What full faith and credit? That’s the question many are asking as Congress is coming under increasing pressure to raise the debt ceiling yet again to avoid a possible default on the federal government’s credit obligations.

Treasury Secretary Timothy Geithner sent a letter to Congress last week warning in nearly apocalyptic tones of what a default might look like.

“Never in our history has Congress failed to increase the debt limit when necessary,” he wrote. “Failure to raise the limit would precipitate a default by the United States. Default would effectively impose a significant and long-lasting tax on all Americans and all American businesses and could lead to the loss of millions of American jobs. Even a short-term or limited default would have catastrophic economic consequences that would last for decades. Failure to increase the limit would be deeply irresponsible.”

Geithner asked Congress to increase the debt limit early this year before “the threat of default becomes imminent.” He pointed out that while Congress passed legislation last February to increase the debt limit to $14.29 trillion, the outstanding debt that is subject to the limit currently stands at $13.95 trillion, leaving just $335 billion of “headroom” beneath the current limit.

White House economic advisor Austan Goolsbee has issued similar Cassandra-like warnings. “This is not a game,” he said earlier this month on ABC’s “This Week.” “The debt ceiling … is not something to toy with. If we hit the debt ceiling, that’s … essentially defaulting on our obligations, which is totally unprecedented in American history. The impact on our economy would be catastrophic. I mean, that would be a worse financial crisis than anything we saw in 2008.” He accused the Republicans of “playing chicken” with the economy.

However, the new Speaker of the House, John Boehner, R-Ohio, is not yet ready to increase the debt ceiling. “The American people will not stand for such an increase unless it is accompanied by meaningful action by the President and Congress to cut spending and end the job-killing spending binge in Washington,” he said in a statement. “While America cannot default on its debt, we also cannot continue to borrow recklessly, dig ourselves deeper into this hole, and mortgage the future of our children and grandchildren. Spending cuts — and reforming a broken budget process — are top priorities for the American people and for the new majority in the House this year, and it is essential that the President and Democrats in Congress work with us in that effort.”

Senate Minority Leader Mitch McConnell, R-Ken., said, “Americans want lawmakers to cut Washington spending, tackle the debt, rein in government, and to help create the right conditions for private sector job growth.”

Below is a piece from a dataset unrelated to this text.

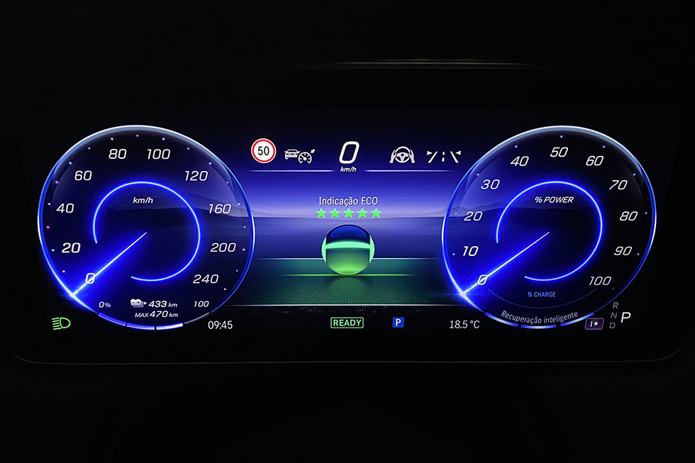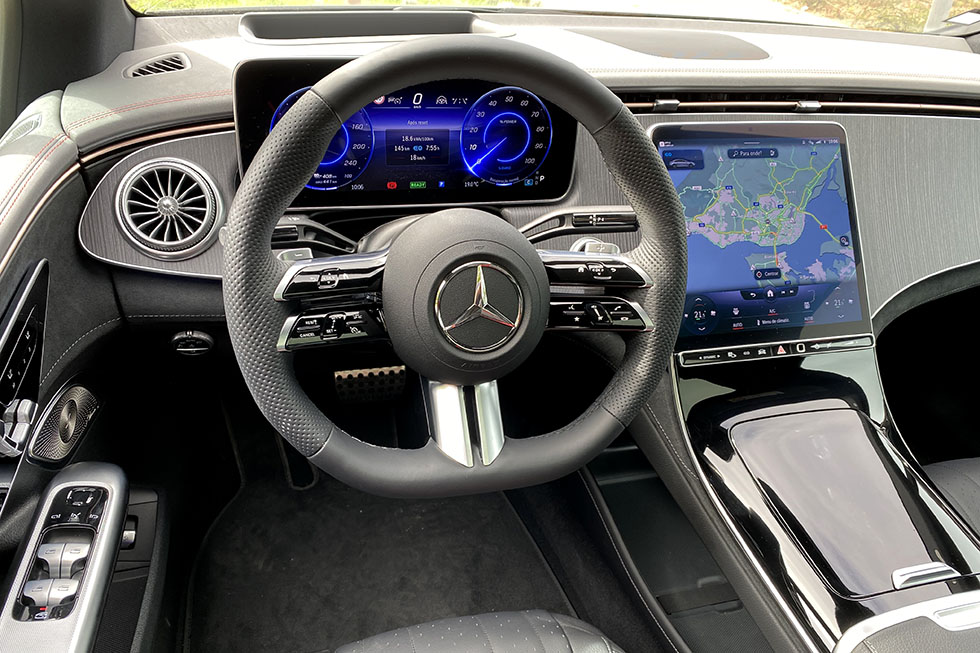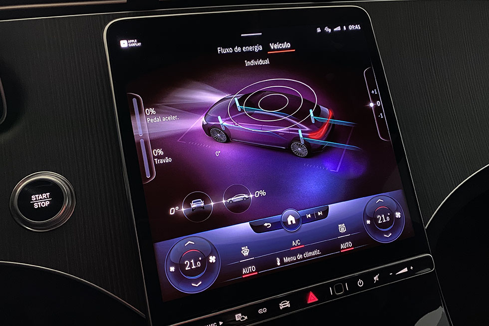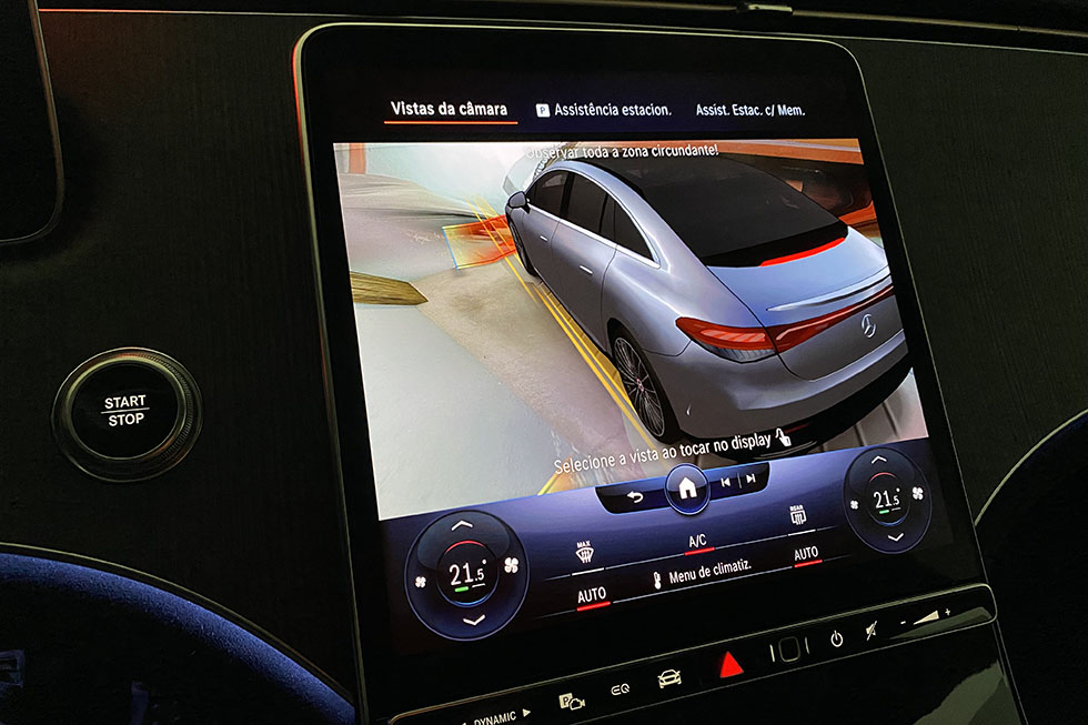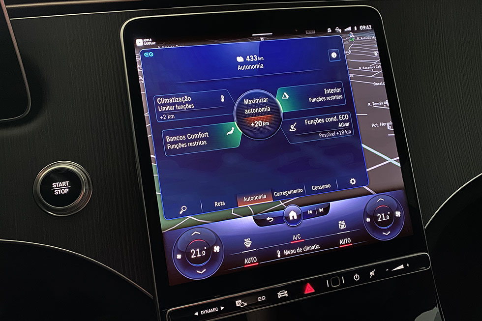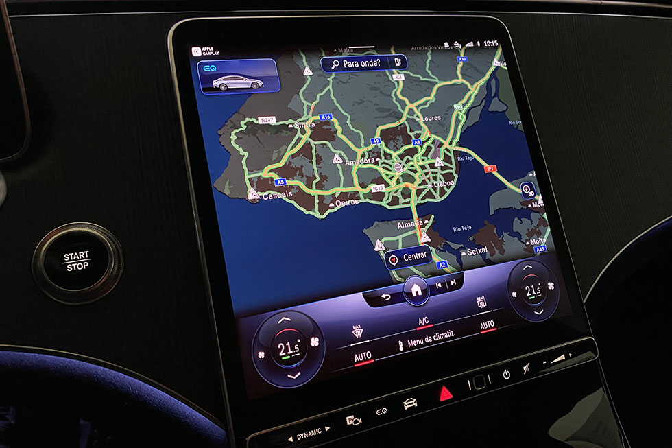 Na unidade ensaiada, predominam os tons mais escuros, que, apesar de tudo contam com uma boa iluminação, fornecida pela presença do teto de abrir panorâmico. E a qualidade de acabamentos e de materiais não fica muito afastada do que encontrámos no EQS. Menos positivo, é a capacidade da bagageira, que se viu limitada a 430 litros e alguns dos comandos táteis com os quais não conseguimos simpatizar e que requerem bastante habituação.

In the aftermath of the deeply disturbing shootings in Tucson over the weekend, lawmakers have temporarily set aside their differences, along with Republican pledges to repeal the health care reform bill, but we can expect to see Congress back at loggerheads in about a week or so. Once the health care repeal brouhaha settles down, the next battle is likely to be over raising the debt limit.

Now, for many years, the phrase, “backed by the full faith and credit of the United States government,” has inspired smirks aplenty. Countries around the world, not to mention investors, have a pretty good idea of how much of a debtor nation the U.S. is in terms of its borrowing. It’s also been an awful long time since the gold standard was in place.

Of course, no one wants the U.S. to really default on its obligations to retirees and investors, and it’s not very likely that Congress will allow that to happen. The interest on the national debt would only grow, meaning that an ever larger chunk of tax revenues would go toward just paying off that interest and make it even harder for Congress and the administration to ever come close to balancing the budget. Then too, the example of other countries that have run into debt problems, like Greece and Spain, and the protests that have erupted over government attempts to impose austerity measures, are not very encouraging.

While it’s likely that many Republicans in Congress will vote against raising the debt limit, and perhaps some Democrats too, like then Senator Obama back in 2006, in the end Congress will probably come to some agreement to temporarily ratchet up the debt ceiling a tad higher before any default actually occurs. That way, lawmakers can fight later in the year over how they’re going to reduce the deficit and claim credit for how much they are cutting it over the long term, when it’s actually just a matter of lowering the ceiling back down an inch or two. A little breathing room always helps.